WHAT YOU NEED TO DO: Among the entries below, only the lines from the one with "Das wären : Eine" through the one with "Oja; ik las" are to be retyped, exactly and without pictures.

MATERIAL PROVIDED:
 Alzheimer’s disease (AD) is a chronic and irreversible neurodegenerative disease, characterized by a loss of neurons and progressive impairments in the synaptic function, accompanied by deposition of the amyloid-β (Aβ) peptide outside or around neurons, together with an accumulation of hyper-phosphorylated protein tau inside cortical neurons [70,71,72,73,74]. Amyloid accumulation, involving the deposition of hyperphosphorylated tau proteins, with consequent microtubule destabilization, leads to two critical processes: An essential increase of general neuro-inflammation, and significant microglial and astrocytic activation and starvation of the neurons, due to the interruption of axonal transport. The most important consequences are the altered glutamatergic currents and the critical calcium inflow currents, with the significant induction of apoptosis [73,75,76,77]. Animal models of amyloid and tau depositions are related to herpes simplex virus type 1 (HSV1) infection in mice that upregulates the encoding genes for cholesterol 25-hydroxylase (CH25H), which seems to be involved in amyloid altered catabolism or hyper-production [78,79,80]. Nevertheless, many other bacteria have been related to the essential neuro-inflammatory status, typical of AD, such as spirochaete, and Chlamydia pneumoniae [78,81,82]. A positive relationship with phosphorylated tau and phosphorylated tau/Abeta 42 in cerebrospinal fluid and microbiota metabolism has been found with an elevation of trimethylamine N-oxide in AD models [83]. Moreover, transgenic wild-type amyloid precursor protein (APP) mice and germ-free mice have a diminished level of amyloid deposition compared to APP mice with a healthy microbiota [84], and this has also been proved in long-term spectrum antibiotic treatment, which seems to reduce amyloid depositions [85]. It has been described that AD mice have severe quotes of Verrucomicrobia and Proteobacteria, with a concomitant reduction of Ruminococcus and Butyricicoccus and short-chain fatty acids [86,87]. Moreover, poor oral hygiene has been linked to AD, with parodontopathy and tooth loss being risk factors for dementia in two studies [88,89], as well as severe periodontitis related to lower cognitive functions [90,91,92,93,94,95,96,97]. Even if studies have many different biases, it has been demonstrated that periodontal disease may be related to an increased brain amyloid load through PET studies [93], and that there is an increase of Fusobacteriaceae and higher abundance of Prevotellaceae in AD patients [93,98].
* * *
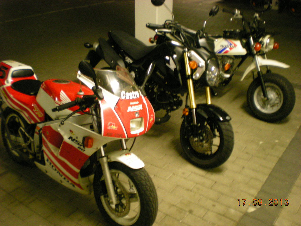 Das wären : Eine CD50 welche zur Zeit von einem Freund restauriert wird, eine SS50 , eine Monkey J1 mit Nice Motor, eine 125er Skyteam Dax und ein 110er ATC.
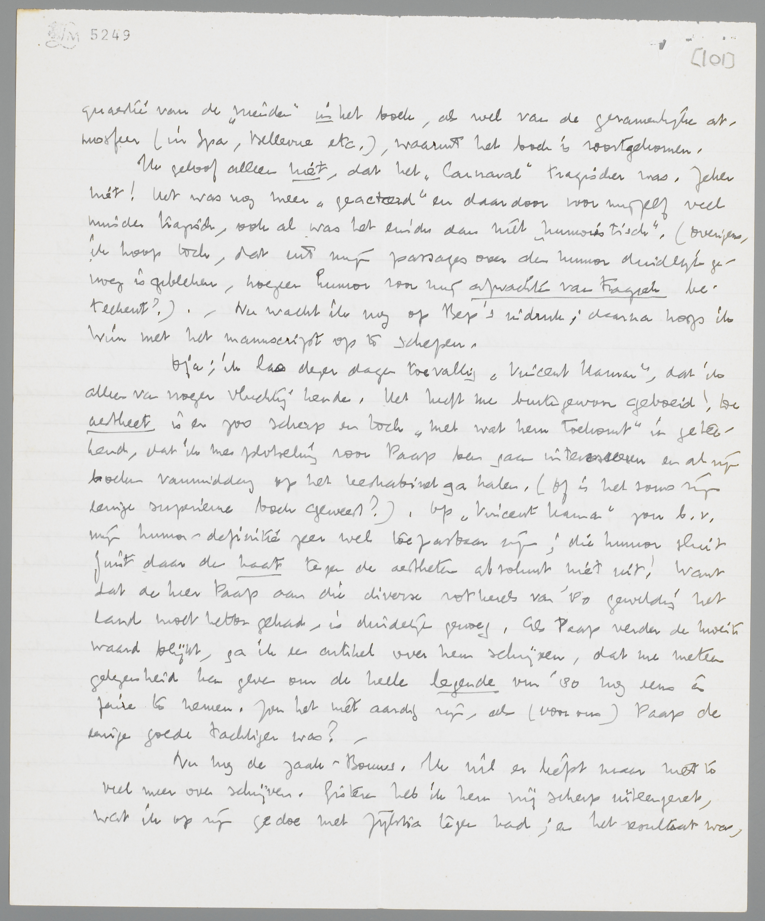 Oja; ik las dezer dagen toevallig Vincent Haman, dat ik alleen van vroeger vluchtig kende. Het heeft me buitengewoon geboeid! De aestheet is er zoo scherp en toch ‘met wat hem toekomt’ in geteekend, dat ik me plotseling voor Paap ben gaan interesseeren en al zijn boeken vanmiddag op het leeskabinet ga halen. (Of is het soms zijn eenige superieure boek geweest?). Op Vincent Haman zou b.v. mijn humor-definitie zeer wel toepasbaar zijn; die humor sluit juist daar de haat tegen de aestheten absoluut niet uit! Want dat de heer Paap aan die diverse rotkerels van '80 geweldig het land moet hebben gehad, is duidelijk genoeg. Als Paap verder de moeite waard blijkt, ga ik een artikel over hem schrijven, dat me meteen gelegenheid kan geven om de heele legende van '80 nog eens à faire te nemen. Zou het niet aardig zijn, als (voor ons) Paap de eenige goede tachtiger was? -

SOLUTION TO THIS EXERCISE:
 Das wären : Eine CD50 welche zur Zeit von einem Freund restauriert wird, eine SS50 , eine Monkey J1 mit Nice Motor, eine 125er Skyteam Dax und ein 110er ATC.
 Oja; ik las dezer dagen toevallig Vincent Haman, dat ik alleen van vroeger vluchtig kende. Het heeft me buitengewoon geboeid! De aestheet is er zoo scherp en toch ‘met wat hem toekomt’ in geteekend, dat ik me plotseling voor Paap ben gaan interesseeren en al zijn boeken vanmiddag op het leeskabinet ga halen. (Of is het soms zijn eenige superieure boek geweest?). Op Vincent Haman zou b.v. mijn humor-definitie zeer wel toepasbaar zijn; die humor sluit juist daar de haat tegen de aestheten absoluut niet uit! Want dat de heer Paap aan die diverse rotkerels van '80 geweldig het land moet hebben gehad, is duidelijk genoeg. Als Paap verder de moeite waard blijkt, ga ik een artikel over hem schrijven, dat me meteen gelegenheid kan geven om de heele legende van '80 nog eens à faire te nemen. Zou het niet aardig zijn, als (voor ons) Paap de eenige goede tachtiger was? -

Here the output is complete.